Примечание к ЭССЕ XI

(1) Мы иногда видим, как весь зрительный зал плачет. Но публика в театре, хотя и является общественным собранием, не является общественным органом. Они не объединены в структуру своих собственных исключительных, узколобых интересов. Каждый индивид смотрит из своей незначительности на сцену, возможно, идеальную и чуждую ему самому, но верную природе; друзья, незнакомцы встречаются на общей почве человечности, и слезы, исторгаемые из их сердец, — это те, что «порождены священной жалостью». Это смешанная толпа, растопленная сочувствием к отдаленным, воображаемым событиям, а не объединение, сцементированное мелкими взглядами и низменными, эгоистичными предрассудками.

ЭССЕ XII. ДОЛЖНЫ ЛИ АКТЕРЫ СИДЕТЬ В ЛОЖАХ?

Я думаю, что нет; и вот почему, насколько я могу объяснить:

Актеры принадлежат публике: их личности — не их собственность. Они выставляют себя на сцене: этого достаточно, не нужно еще и демонстрировать себя в театральных ложах. Я полагаю, что актер в силу самих обстоятельств своей профессии должен оставаться инкогнито, насколько это возможно. Он играет множество ролей, замаскированный, перевоплощенный в них, насколько может, «своим столь могучим искусством», и ему не следует нарушать это заимствованное впечатление, разоблачаясь перед публикой больше, чем он может избежать. Пусть идет в партер, если хочет, чтобы смотреть, — а не в первый ярус, чтобы быть увиденным. Его и так достаточно видят: он — центр иллюзии, которую он обязан поддерживать, как мне кажется, как определенным самоуважением, которое должно отталкивать праздное любопытство, так и определенным почтением к публике, в которой он внушил определенные предрассудки, обязавшись их не нарушать. Он представляет величие сменяющих друг друга королей; он берет на себя ответственность героев и любовников; мантия гения и природы ложится на его плечи; мы «громоздим миллионы» ассоциаций на него, под которыми он должен быть «погребен заживо», а не высовывать перед нами неблагоприятное лицо в обычном сюртуке, чтобы сказать: «Какими же вы все были дураками! — Я не Гамлет Датский!»
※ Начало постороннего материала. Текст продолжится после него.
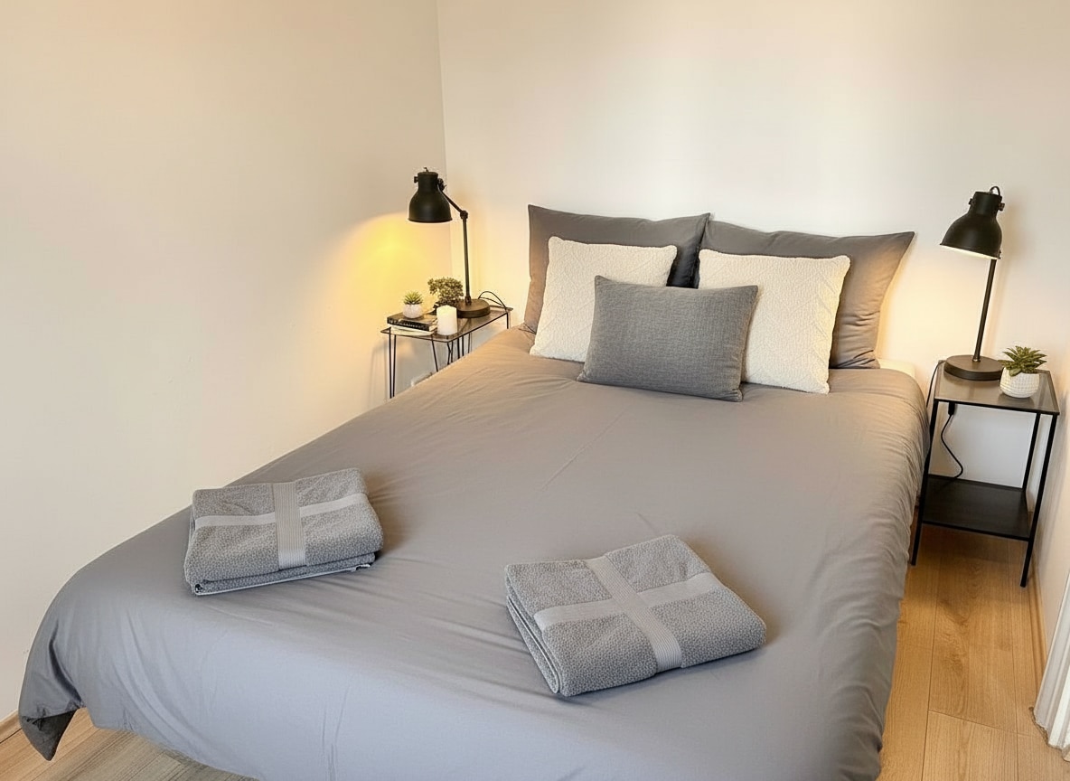 Modernes Loft in Bestern Lage beim Westbahnhof & Einkaufszetrum mit Industrial-Chic-Stil. Ausstattung: Doppelbett im Schlafzimmer (flexibel durch Vorhang vom Wohnzimmer abtrennbar), Einzelbett im Wohnzimmer, begehbarer Kleiderschrank, Projektor für Filmabende. Alle Fenster verdunkelbar – perfekt für Kino-Nächte und erholsamen Schlaf. Vollausgestattete Küche mit Herd, Kühlschrank und Kaffeemaschine. Großes Badezimmer mit bodentiefer Dusche und Waschmaschine. Großzügiges Vorzimmer zum Ankleiden.
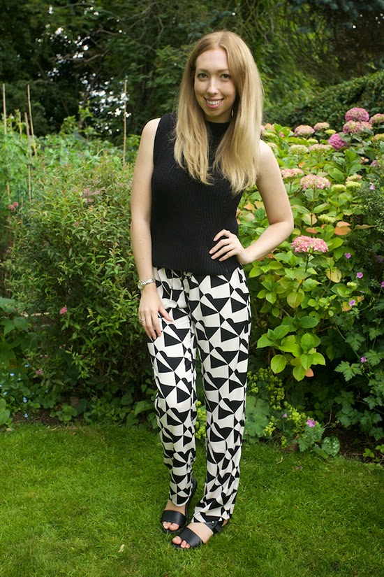 I went for a pair of slouch monochrome trousers which I love, they are so comfortable and easy to wear! I wanted some palazzo pants but think I've decided they don't suit me, so the slouch style was a match made in heaven for me! I paired them with my new knitted sleeveless jumper from Zara's amazing sale, it was only £9.99 so of course I bought it in two colours! Finally, I wore my super comfy Topshop sandals!

Это очень хорошо и вполне уместно для г-на Мэтьюза в его представлении «ДОМА», после того как он имитировал свою неподражаемую шотландку, быстро, как молния, выскользнуть и появиться в боковой ложе, пожимая руку нашему старому другу Джеку Баннистеру. Это добавляет нам удивления его способностью к перемене мест и внешности, к тому же он уже был перед нами в своем собственном обличье большую часть вечера. Никакого вреда не было — никакие воображаемые чары не были разрушены — никакой прерывности мысли или чувства. Г-н Мэтьюз сам по себе (да не будет сказано в обиду) и более умный, и более респектабельный человек, чем многие из персонажей, которых он представляет. Не так, когда

По сцене бродит призрак Гамлета, Отелло негодует, Дездемона скорбит, а бедная Монимия изливает свою душу в любви.
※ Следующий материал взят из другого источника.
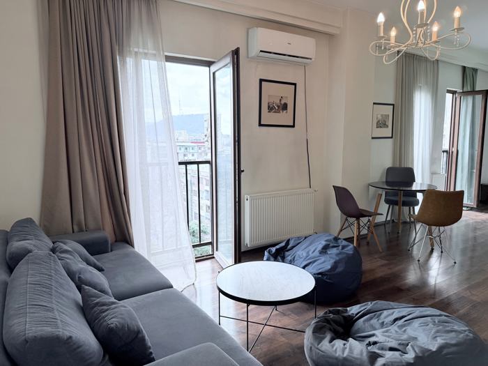 For sale is an apartment in the central district of Tbilisi, in a prestigious location, just a few minutes from the metro stations. The apartment features a functional layout: it has two balconies, two bathrooms, and two fully equipped kitchens, making it ideal for both living and office use.
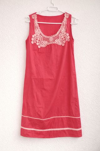Vestido color coral muy favorecedor con detalle de encaje en el escote que le da un toque elegante y femenino. Diseño sin mangas, fresco y cómodo, ideal para verano, paseo, vacaciones o eventos informales. Corte recto con detalle decorativo en la parte inferior. En buen estado.
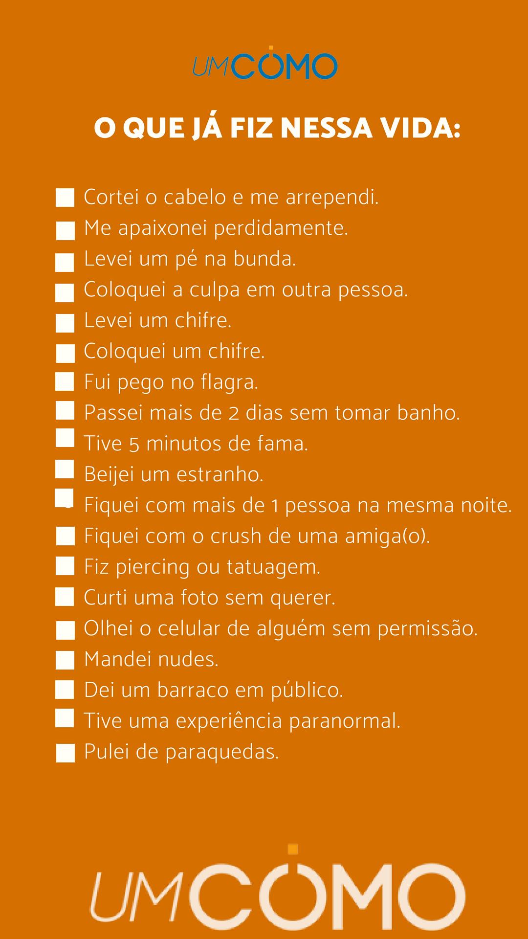 O desafio para insta do coisas que já fiz na vida é um dos mais legais justamente porque permite muitas ideias de perguntas diferentes. O umCOMO preparou uma versão com algumas perguntas que já tínhamos por aqui, mas você pode colocar as perguntas que quiser. Uma super dica de inspiração é usar as perguntas do artigo 'Eu Nunca, as melhores perguntas'.

Тогда преобладает иное чувство: закройте, закройте сцену перед ними и никогда не разрушайте эту прекрасную фантасмагорию разума. Или, если это вообще должно быть сделано, давайте выберем для этого другое время и место: пусть никто бездумно не выбивает чашу Цирцеи из наших уст и не растворяет дух очарования во дворце самого очарования. Уйдите, г-н ——, и сядьте где-нибудь в другом месте! Что это за вещь, например, когда какая-то часть костюма актера неожиданно отваливается во время игры! Какой это удар по нему самому и по аудитории! Какое усилие ему нужно приложить, чтобы прийти в себя и преодолеть это обнажение голой правды! Одним из триумфов трагического мастерства Гаррика считалось то, что однажды, когда он играл Лира, его соломенная корона слетела, и никто не засмеялся и не обратил на это ни малейшего внимания, настолько он отождествил себя с персонажем. Должен ли он был после этого проявить так мало уважения к чувствам, которые он внушил, чтобы сорвать свои лохмотья и взять старого безумного короля с собой, чтобы валять дурака в ложах?

Нет; пусть он уйдет. Не мучьте его уходящий дух, не растягивайте его дальше на дыбе этого сурового мира!
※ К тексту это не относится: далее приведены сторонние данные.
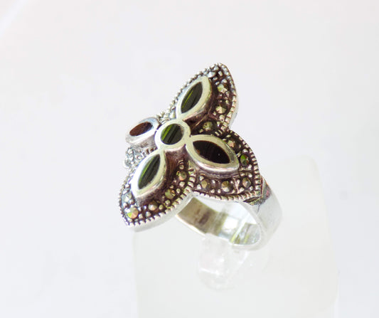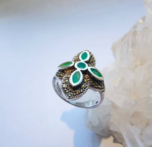 Серебряное кольцо с зеленой эмалью

Говорят, одна дама влюбилась в Гаррика, присутствуя при исполнении им роли Ромео, на что он заметил, что возьмется вылечить ее от этой глупости, если она только придет посмотреть на него в роли Абеля Драггера. Так и современный трагик и светский джентльмен, появляясь выгодно и заметно in propria persona, может легко излечить нас от нашего пристрастия ко всем главным персонажам, в которых он блистает. «Сэр! Вы думаете, Александр выглядел так при жизни или был так надушен? Был ли у Юлия Цезаря такой нос? Или он носил жабо так, как вы? Вы убили не знаю сколько героев «голым кинжалом», золотой булавкой в вашей рубашке, и испортили все прекрасные любовные речи, которые вы когда-либо произнесете, ковыряясь в зубах с этим неподражаемым видом!»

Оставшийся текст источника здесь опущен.